COLLECTED MATERIAL =>
::::::::::

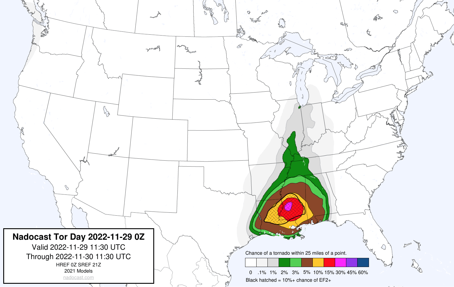 Nadocast has caused a kerfuffle today. It is significantly farther South than the SPC MOD. They differed last December, too, and SPC came out on top.
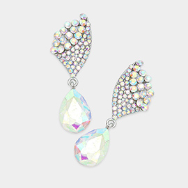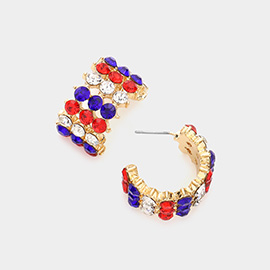 American USA Flag Dropped Rhinestone Dangle Evening Earrings
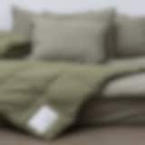 Down blanket from Reboco in a beautiful green colour. The blanket is filled with 100% recycled down from Re:Down. It is available in different colours and is perfect to put on top of the bed, stuff the bedding with or wrap around yourself on the sofa.
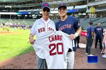 郭台銘觀看美國大聯盟球賽 向張育成致意

::::::::::

WHAT IS NEEDED =>
Skip the pictures, then return the rest of the data exactly.

SOLUTION =>
 Nadocast has caused a kerfuffle today. It is significantly farther South than the SPC MOD. They differed last December, too, and SPC came out on top.
 American USA Flag Dropped Rhinestone Dangle Evening Earrings
 Down blanket from Reboco in a beautiful green colour. The blanket is filled with 100% recycled down from Re:Down. It is available in different colours and is perfect to put on top of the bed, stuff the bedding with or wrap around yourself on the sofa.
 郭台銘觀看美國大聯盟球賽 向張育成致意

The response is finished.